Shortly after answering the question, Cruz was also asked about Planned Parenthood and how he would get rid of the organization. He made no reference to the Friday shooting in Colorado Springs at a Planned Parenthood facility, but renewed his pledge that he would instruct the Department of Justice to investigate the health care provider on his first day in the White House.

"On these videos, you see senior officials of Planned Parenthood callously, heartlessly laughing, sipping chardonnay and selling the body parts of unborn children and you should just ask are those my values. Is that what I stand for?" Cruz said, citing a series of recent anti-Planned Parenthood videos.

Cruz has previously called the Colorado Springs shooting "horrific" and "unacceptable." He rebutted those who've claimed the criticism of Planned Parenthood by Republican presidential candidates could have inspired the shooting.

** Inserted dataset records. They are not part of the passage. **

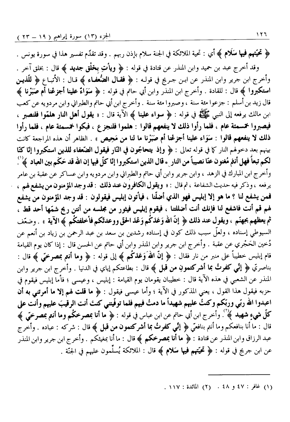 بِنَاصِرِيَّ إِنِّي كَفَرْتُ بِما أَشْرَكْتُمُونِ مِنْ قَبْلُ قَالَ: بِطَاعَتِكُمْ إِيَّايَ فِي الدُّنْيَا. وَأَخْرَجَ ابْنُ جَرِيرٍ وَابْنُ الْمُنْذِرِ عَنِ الشَّعْبِيِّ فِي هَذِهِ الْآيَةِ قَالَ: خَطِيبَانِ يَقُومَانِ يَوْمَ الْقِيَامَةِ: إِبْلِيسُ، وَعِيسَى فَأَمَّا إِبْلِيسُ فَيَقُومُ فِي حِزْبِهِ فَيَقُولُ هَذَا الْقَوْلَ، يَعْنِي الْمَذْكُورَ فِي الْآيَةِ وَأَمَّا عِيسَى فَيَقُولُ: مَا قُلْتُ لَهُمْ إِلَّا مَا أَمَرْتَنِي بِهِ أَنِ اعْبُدُوا اللَّهَ رَبِّي وَرَبَّكُمْ وَكُنْتُ عَلَيْهِمْ شَهِيداً مَا دُمْتُ فِيهِمْ فَلَمَّا تَوَفَّيْتَنِي كُنْتَ أَنْتَ الرَّقِيبَ عَلَيْهِمْ وَأَنْتَ عَلى كُلِّ شَيْءٍ شَهِيدٌ «2» . وَأَخْرَجَ ابْنُ أَبِي حَاتِمٍ عَنِ ابْنِ عَبَّاسٍ فِي قَوْلِهِ: مَا أَنَا بِمُصْرِخِكُمْ وَما أَنْتُمْ بِمُصْرِخِيَّ قَالَ: مَا أَنَا بِنَافِعِكُمْ وَمَا أَنْتُمْ بنافعيّ إِنِّي كَفَرْتُ بِما أَشْرَكْتُمُونِ مِنْ قَبْلُ قال: شركه: عباده. وَأَخْرَجَ عَبْدُ الرَّزَّاقِ وَابْنُ الْمُنْذِرِ عَنْ قَتَادَةَ: مَا أَنَا بِمُصْرِخِكُمْ قَالَ: مَا أَنَا بِمُغِيثِكُمْ. وَأَخْرَجَ ابْنُ جَرِيرٍ وَابْنُ الْمُنْذِرِ عَنِ ابْنِ جُرَيْجٍ فِي قَوْلِهِ: تَحِيَّتُهُمْ فِيها سَلامٌ قَالَ: الملائكة يسلّمون عليهم في الجنّة.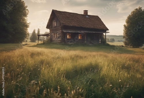 Peaceful Landscapes of a Farmhouse in the Middle of a Fields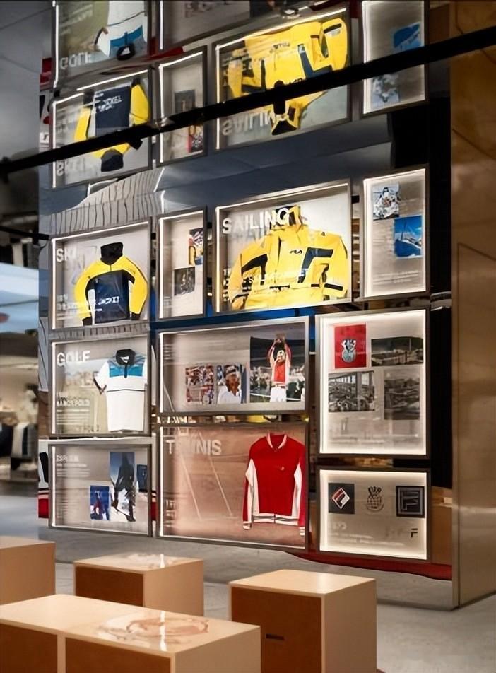 在此区域,两面鞋墙集中陈列了FILA鞋履产品体系 —— 运动鞋墙衔接专业运动区,另一侧的生活鞋墙则聚焦多元生活场景。老爹鞋、菁英跑鞋、商务跑鞋再到各类薄底鞋等品类的最新单品在此精心呈现。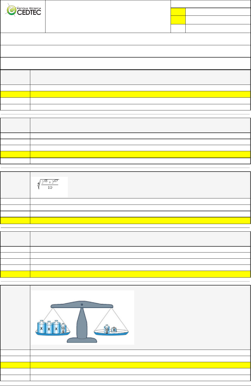Pincel Atômico - 26/11/2024 11:55:22 1/2 GILSON LUCAS DA COSTA DO NASCIMENTO Exercício Caminho do Conhecimento - Etapa 30 (34126) Atividade finalizada em 21/11/2024 13:56:34 (2807239 / 1) LEGENDA Resposta correta na questão # Resposta correta - Questão Anulada X Resposta selecionada pelo Aluno Disciplina: MATEMÁTICA - 1ª ETAPA [1263816] - Avaliação com 5 questões, com o peso total de 10,00 pontos [capítulos - 7] Turma: Supletivo EJA: Ensino Médio - Grupo: EAD EJA - 08/24 - SEnsi0A100824 [139120] Aluno(a): 91659779 - GILSON LUCAS DA COSTA DO NASCIMENTO - Respondeu 3 questões corretas, obtendo um total de 6,00 pontos como nota [364868_251417] Questão 001 (36.3-2):34 é igual a: 3-8 3-3 X 1 0 [364870_236188] Questão 002 Resolvendo corretamente a inequação 3x + 19 19 x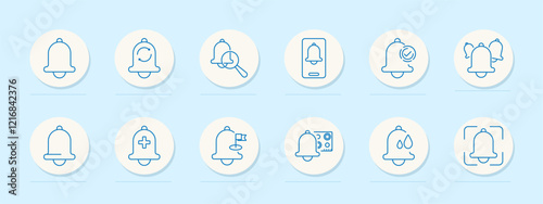 Reminder set icon. Alert, repeat, schedule, mobile notification, sound, bell group, health, flag, automation, leakage, focus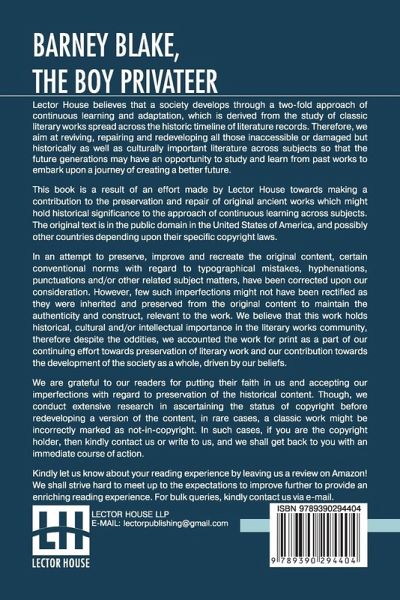 Barney Blake, The Boy Privateer: Or, The Cruise Of The Queer Fish. This book is a result of an effort made by us towards making a contribution to the preservation and repair of original classic literature. In an attempt to preserve, improve and recreate the original content, we have worked towards: 1. Type-setting & Reformatting: The complete work has been re-designed via professional layout, formatting and type-setting tools to re-create the same edition with rich typography, graphics, high quality images, and table elements, giving our readers the feel of holding a 'fresh and newly' reprinted and/or revised edition, as opposed to other scanned & printed (Optical Character Recognition - OCR) reproductions. 2. Correction of imperfections: As the work was re-created from the scratch, therefore, it was vetted to rectify certain conventional norms with regard to typographical mistakes, hyphenations, punctuations, blurred images, missing content/pages, and/or other related subject matters, upon our consideration. Every attempt was made to rectify the imperfections related to omitted constructs in the original edition via other references. However, a few of such imperfections which could not be rectified due to intentional\unintentional omission of content in the original edition, were inherited and preserved from the original work to maintain the authenticity and construct, relevant to the work. We believe that this work holds historical, cultural and/or intellectual importance in the literary works community, therefore despite the oddities, we accounted the work for print as a part of our continuing effort towards preservation of literary work and our contribution towards the development of the society as a whole, driven by our beliefs. We are grateful to our readers for putting their faith in us and accepting our imperfections with regard to preservation of the historical content. HAPPY READING!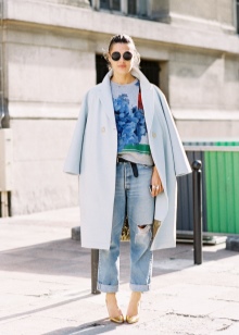 Explanations about what it is - oversize, you can put in a short and capacious "more than usual size", because that is the word translated. All things related to this stylistic direction look as if a woman borrowed them from her boyfriend or a larger friend. But this very baggyness was carefully thought out by the designers and designers of clothing, who set out to emphasize fragility and femininity, and in no case make the figure more voluminous.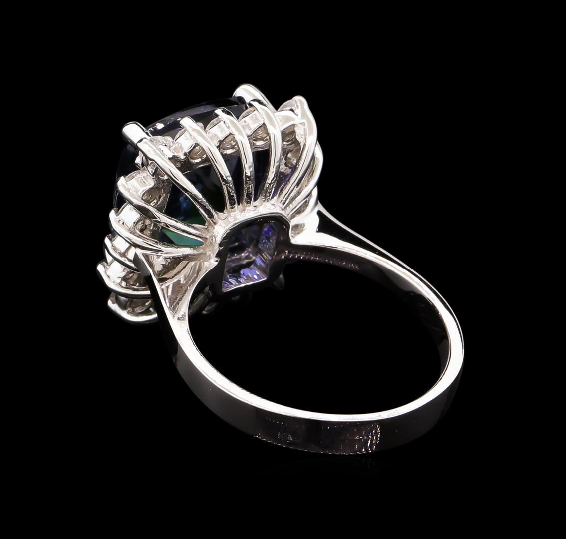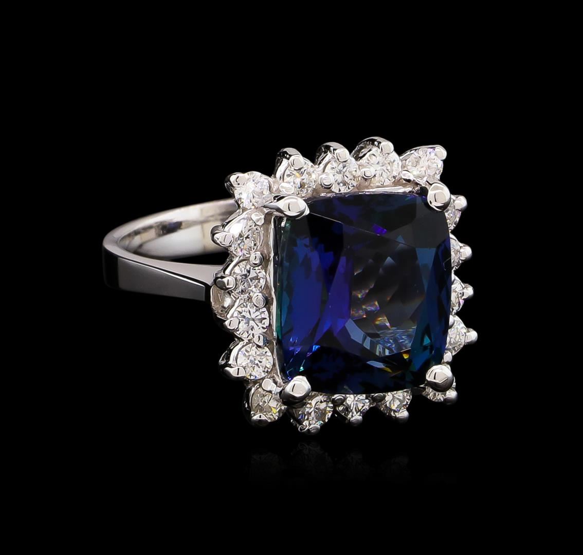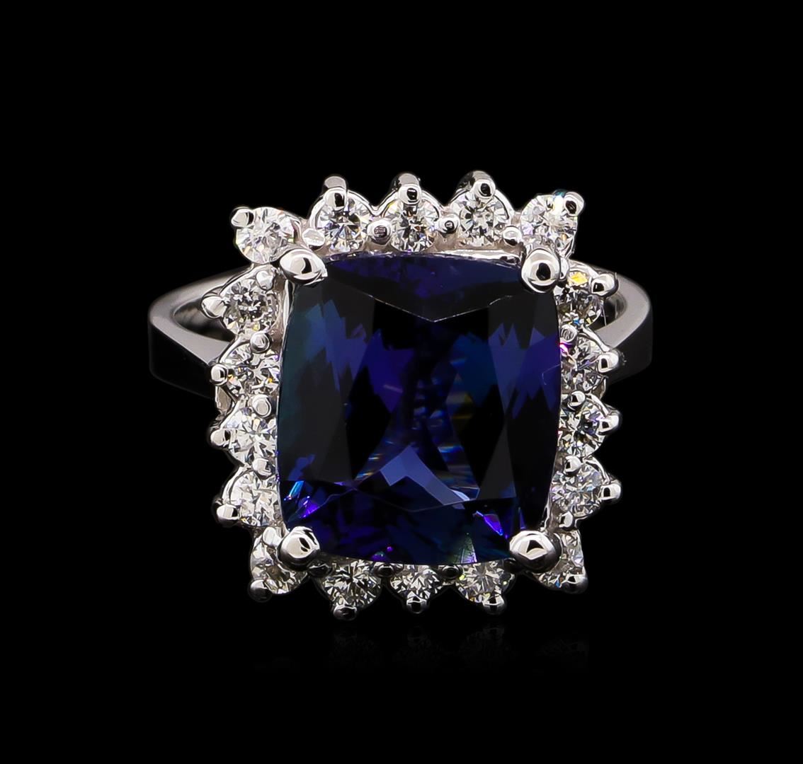 One electronically tested 14KT white gold lady's cast fashion ring with a cushion basket halo with a bright polish finish. The featured lady's ring has a shank measuring 2.94 millimeters wide. Identified with markings of "14K". Condition is new, good workmanship. Containing: One prong set rectangular cushion modified brilliant cut natural tanzanite, measuring 11.12 x 9.98 x 6.49mm, 10%. bulge factor, approximate weight of 6.25ct., clarity is eye clean, type I, medium dark, very slightly grayish, violetish blue color, (GIA vB 6/3), cut is very good. Transmitting light with no distortion, transparent. Colored gemstones are presumed to have been subjected to commonly used enhancement processes. Graded in the setting. Eighteen prong set round brilliant cut diamonds, measuring 2.05 - 1.95 x 1.24mm (depth est.) approximate total weight of 18 Stones = 0.55ct. Graded in the setting. Clarity: VS-2 to SI-2. Color: G - I. Cut Very Good. Total Weight of Colored Stones 6.25ct. Total Weight of Diamonds 0.55ct. Total Weight of Ring 6.60gm. GAS Appraised at $12,495.00.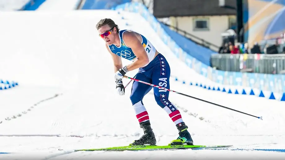 13.02.2026, 17:23 UhrBei immerhin 9 Grad plus an der olympischen Skilanglauf-Strecke kommt dem US-Athleten John Steel Hagenbuch offenbar die Hitze. Nur im Leibchen geht er an den 10-Kilometer-Start. Sein lässiger Auftritt nimmt dann jedoch schon kurz nach dem Start eine sportlich folgenschwere Wende.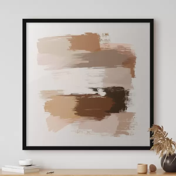 Poster Minimalistyczna kompozycja z poziomymi pociągnięciami pędzla w odcieniach kawy i terakoty Nr f48858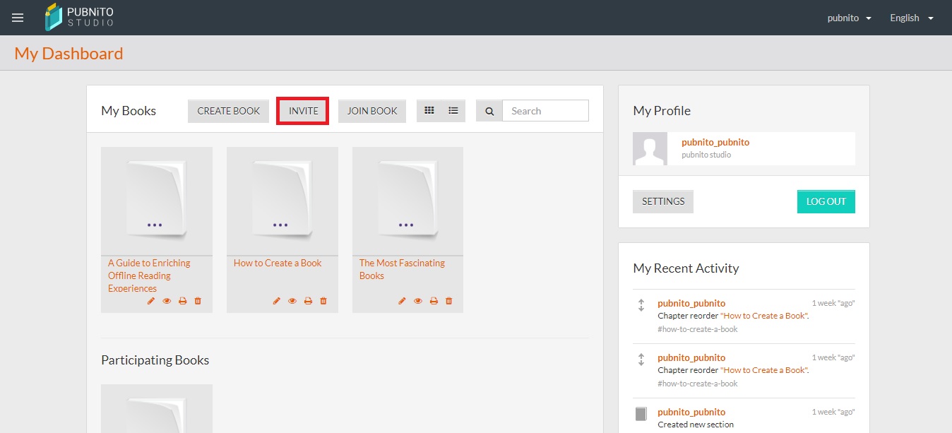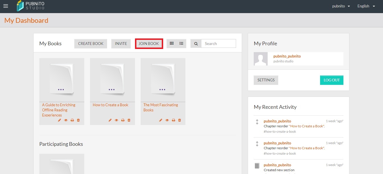 Dashboard, click "Join Book," enter the Invitation Code provided, and

"Well, I think there has been some vicious rhetoric on the left. Blaming those who are pro-life. I’ll tell you I am proud to be unambiguously pro-life, to support protecting every human life, from the moment of conception to the moment of natural death, I think every human life is a gift from God,” Cruz said in Newton, Iowa, Sunday.

“This murder that occurred in Colorado is tragic. It is a criminal act, we don’t fully know the motivations of this deranged individual.”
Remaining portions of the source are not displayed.